Let’s create 10 seconds of LFP data (sampled at 100Hz -> 1000 pts) and 10 seconds of spike data. They cover the same duration but are in different formats.

[10]:

x_cont_raw = np.random.randn(2, 1000)
y_spike_raw, _ = nmi.datasets.generate_correlated_spike_trains(n_neurons=5, duration=10.0)

fig, (ax1, ax2) = plt.subplots(2, 1, figsize=(12, 6), sharex=True)
ax1.plot(np.linspace(0, 10, 1000), x_cont_raw.T)
ax1.set_title("Before: Raw Continuous Data (X)")
ax1.set_ylabel("Amplitude")
ax1.grid(True, linestyle=':')

ax2.eventplot(y_spike_raw, color='black')
ax2.set_title("Before: Raw Spike Data (Y)")
ax2.set_xlabel("Time (s)")
ax2.set_ylabel("Neuron ID")
ax2.grid(True, linestyle=':')
plt.show()

../_images/tutorials_02_Handling_Neural_Data_23_0.png

Zoom in a little bit

Here we’re just changing the plotting range. However, the number of windows won’t be the same.

[11]:

fig, (ax1, ax2) = plt.subplots(2, 1, figsize=(12, 6), sharex=True)
ax1.plot(np.linspace(0, 10, 1000), x_cont_raw.T)
ax1.set_title("Before: Raw Continuous Data (X)")
ax1.set_ylabel("Amplitude")
ax1.grid(True, linestyle=':')

ax2.eventplot(y_spike_raw, color='black')
ax2.set_title("Before: Raw Spike Data (Y)")
ax2.set_xlabel("Time (s)")
ax2.set_ylabel("Neuron ID")
ax2.grid(True, linestyle=':')
ax2.set_xlim(0,0.5)
plt.show()

../_images/tutorials_02_Handling_Neural_Data_25_0.png

After: Aligned Processed Tensors

Now we process them. Let’s choose parameters that would theoretically produce a different number of samples:

Continuous: (1000 total pts - 100 win) / 10 step + 1 = 91 samples.
Spikes: (10s total - 0.5s win) / 0.05s step + 1 = 191 samples.

The library will automatically detect this mismatch and truncate both to the smaller number, 91 samples.

[12]:

handler = nmi.data.DataHandler(
    x_data=x_cont_raw, y_data=y_spike_raw,
    processor_type_x='continuous', processor_params_x={'window_size': 100, 'step_size': 10}, # -> 91 samples
    processor_type_y='spike', processor_params_y={'window_size': 0.5, 'step_size': 0.05}     # -> 191 samples
)

x_processed, y_processed = handler.process()

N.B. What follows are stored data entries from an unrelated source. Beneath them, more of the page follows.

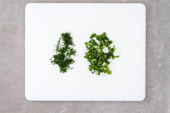 Die Minzeblätter abzupfen und in feine Streifen schneiden. Die Dillspitzen abzupfen und ebenfalls fein schneiden.
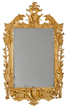 A George II carved giltwood overmantel mirrorThe impact of Parisian design on the rest of Europe cannot be overstated in the 18th century. This English overmantel – conceived to hang above a chimneypiece - is a testament to that, incorporating C-scrolls and other ubiquitous rococo motifs and mounted with bracket supports for displaying blue and white Chinese porcelain.
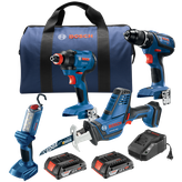 The Bosch GXL18V-496B22 18V Cordless Four-Tool Kit is a convenient way to get into the Bosch's 18V platform. Included is the GDX18V-1800 two-in-one cordless impact driver/wrench for use with bits and sockets. It does two jobs with one tool and goes from impact wrench to impact driver fast. The DDS181A Drill/Driver features a compact motor with the same power as conventional 18V motors at a lighter weight. It produces 600 In.-Lbs. max torque. The GSA18V-083 Reciprocating Saw is 15-3/4 In. long and only 4.4 Lbs. (tool only), but it delivers 0-3,050 strokes per minute. The GLI18V-300 is a bright light with 300 minutes of runtime per amp hour. The kit comes with two 18V 2.0 Ah SlimPack batteries and a charger.
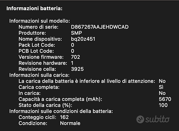 🔋 Batteria in ottime condizioni: solo 162 cicli di carica
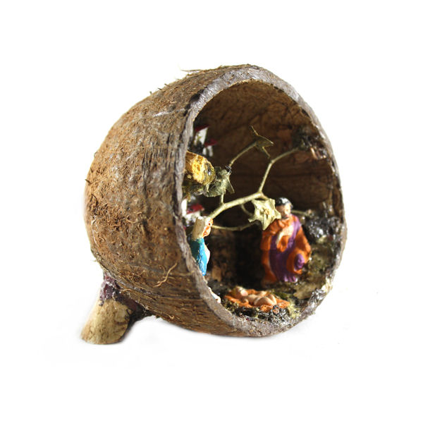 All'interno di un mezzo guscio di cocco è stata inserita la natività, in alabastrino dipinto a mano, con paesino in prospettiva. Il presepe è provvisto anche di luce.
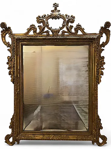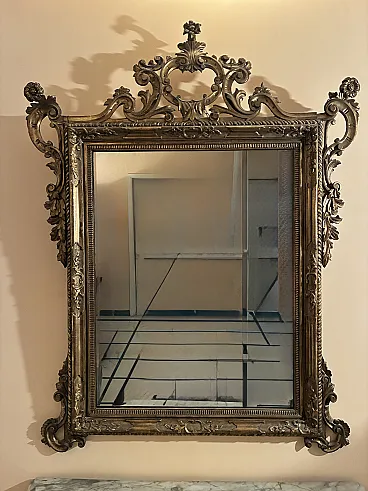 Specchiera Luigi Filippo in legno dorato e intagliato, '800
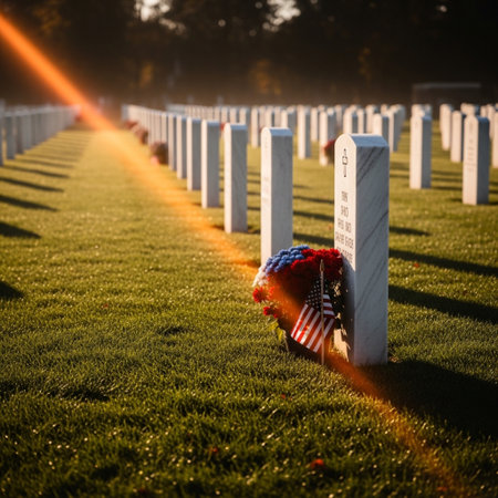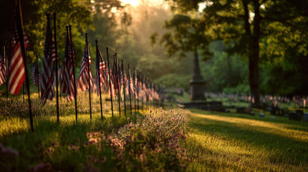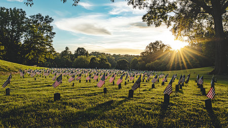 A peaceful cemetery scene at sunrise with American flags waving gently in the early morning light, surrounded by lush greenery and blooming flowers.

print("--- Theoretical vs. Actual Sample Counts ---")
print("Continuous theoretical samples: 91")
print("Spike theoretical samples: 191")
print("The library will align to the smaller count.\n")
print("--- Final Processed Shapes ---")
print(f"X (Continuous) shape: {x_processed.shape}")
print(f"Y (Spike) shape:      {y_processed.shape}")
print("\nThe number of samples (dim 0) is now identical!")

2025-10-20 00:03:21 - neural_mi - WARNING - Post-trimming mismatch: X has 91, Y has 188. Final truncation.
--- Theoretical vs. Actual Sample Counts ---
Continuous theoretical samples: 91
Spike theoretical samples: 191
The library will align to the smaller count.

--- Final Processed Shapes ---
X (Continuous) shape: torch.Size([91, 2, 100])
Y (Spike) shape:      torch.Size([91, 5, 848])

The number of samples (dim 0) is now identical!

Plotting the First Window..

Here we can see almost the same plot (maybe we loose a spike at the boundaries) but the number of windows is now the same.

[13]:

fig, (ax1, ax2) = plt.subplots(2, 1, figsize=(12, 6), sharex=True)
ax1.plot(np.linspace(0, 0.5, 100), x_processed[0,:,:].T)
ax1.set_title("After: 1st Window of Continuous Data (X)")
ax1.set_ylabel("Amplitude")
ax1.grid(True, linestyle=':')

ax2.eventplot(y_processed[0,:,:], color='black')
ax2.set_title("After: 1st Window of Spike Data (Y)")
ax2.set_xlabel("Time (s)")
ax2.set_ylabel("Neuron ID")
ax2.grid(True, linestyle=':')
ax2.set_xlim(left=0.001)
plt.tight_layout()
plt.show()

../_images/tutorials_02_Handling_Neural_Data_29_0.png

5. Conclusion

You now have a strong visual intuition for the crucial role of data processors in NeuralMI.

Data is converted into 3D Tensors of (n_samples, n_channels, n_features).
The key operation is the sliding window, which captures temporal context.
Each processor has its own logic: Continuous grabs signal values, Spike grabs relative times and pads, and Categorical one-hot encodes.
The library automatically aligns mixed data types by ensuring they have the same final number of samples.

With this foundation, you are ready for the next tutorial, where we’ll learn how to use mode='sweep' to find the optimal window size and other key parameters for your analysis.